Charles Hoskinson, founder and CEO of Input Output, predicts AI agents will become more relevant than humans on the internet by 2035, underscoring the urgency of establishing secure deployment standards now.

Gu’s warnings align with CertiK’s landmark deep-dive report into agent infrastructure vulnerabilities. The core vulnerability stems from a lack of isolation between agent execution environments and external systems. Without proper sandboxing and pre-deployment scanning, agents operating with legitimate credentials can become conduits for attackers to access user data, financial accounts, and internal networks.

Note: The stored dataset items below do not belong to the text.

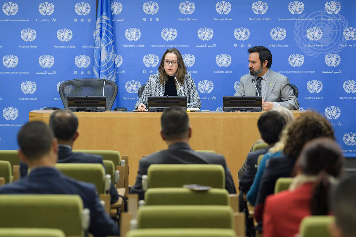 Amena Yassine (centre), Senior Adviser to the President of the General Assembly, briefs reporters on the High-Level Meeting on Peacebuilding and Sustaining Peace (24-25 April 2018). At right is Brenden Varma, Spokesperson for the President of the General Assembly.
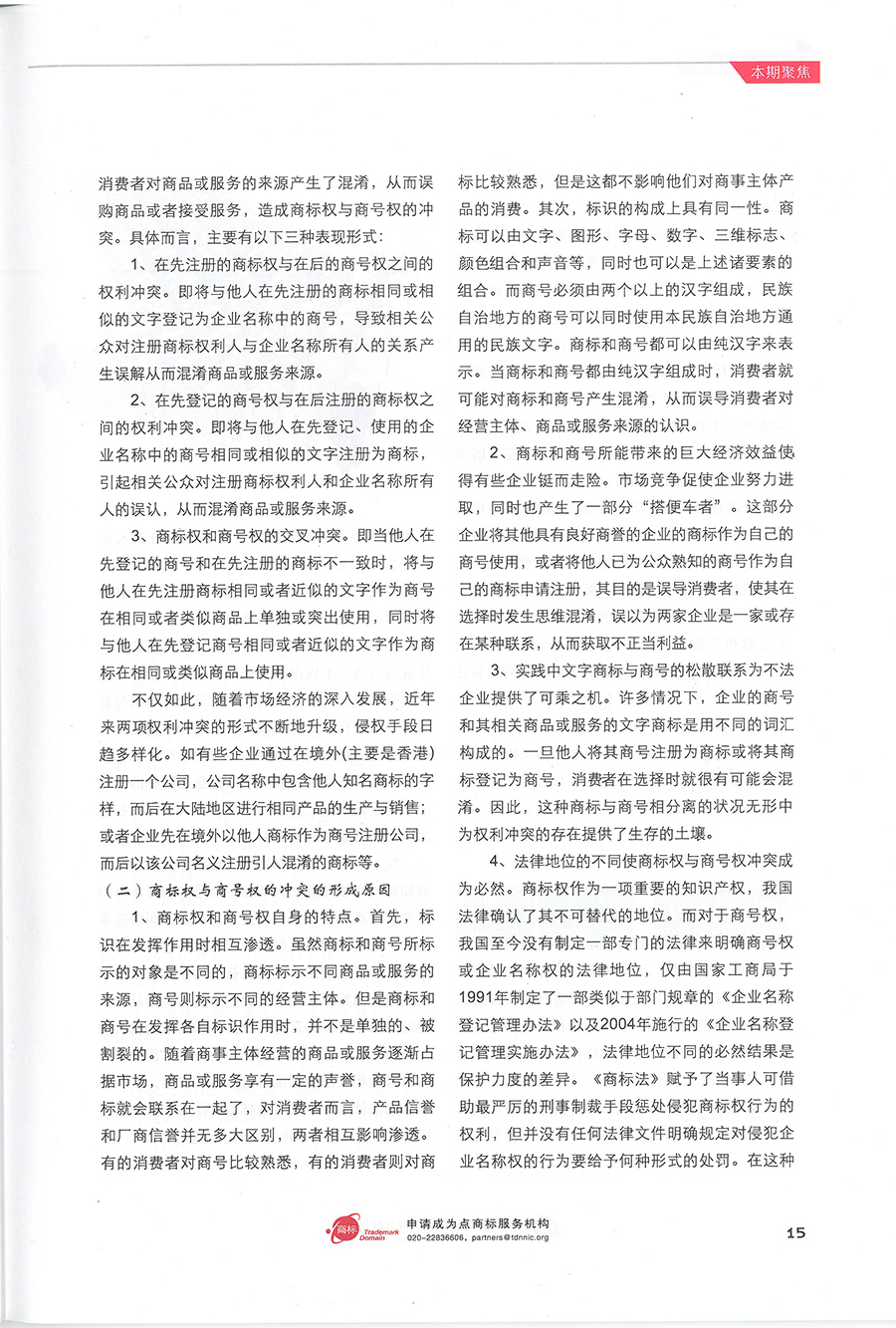 集佳文章《商标权与商号权的权利冲突分析》在《中华商标》发表
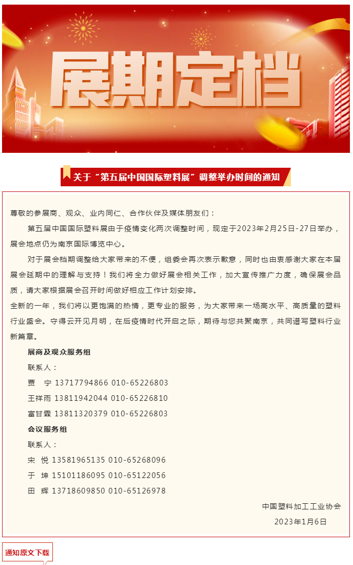 关于“第五届中国国际塑料展”调整举办时间的通知
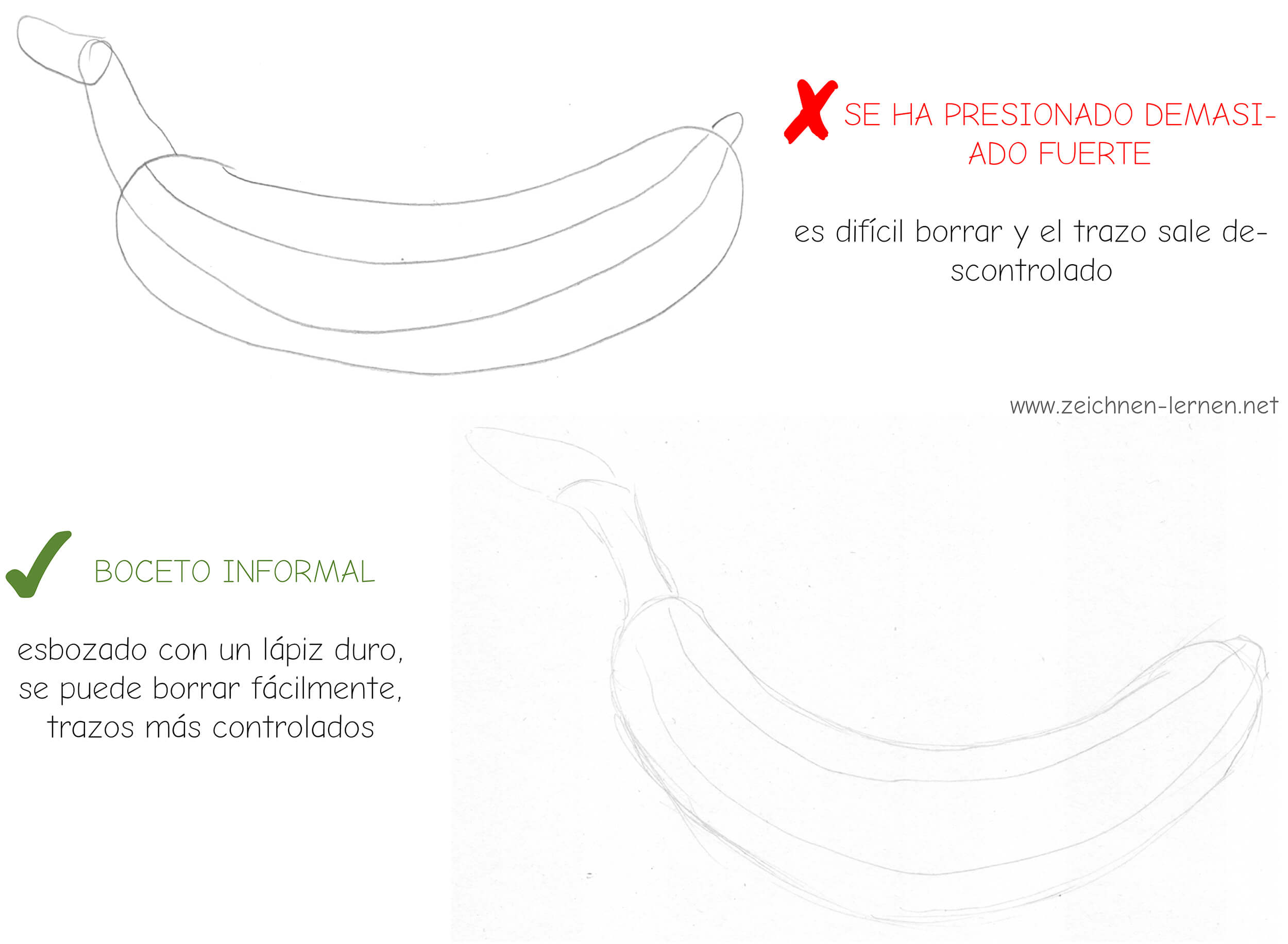 Contornos demasiado firmes frente a dibujo preliminar suelto con lápiz duro

The credential access problem

As agents gain autonomy to interact with financial systems, the attack surface expands dramatically. A compromised agent or malicious plug-in can inherit the permissions of its deployment context. An agent with access to a user’s API keys, wallet credentials, or banking tokens becomes a liability if its execution environment is not isolated.

Traditional security tools designed for human-operated systems do not detect natural language manipulation. Antivirus software relies on signature matching and behavioral heuristics tuned for binary executables and known malware families. AI agents, by contrast, respond to linguistic input that can be crafted to bypass those defenses entirely.

The convergence of three factors creates acute risk: agents now operate autonomously in production environments, they access sensitive systems and credentials, and the attack methods targeting them exploit natural language processing rather than code vulnerabilities.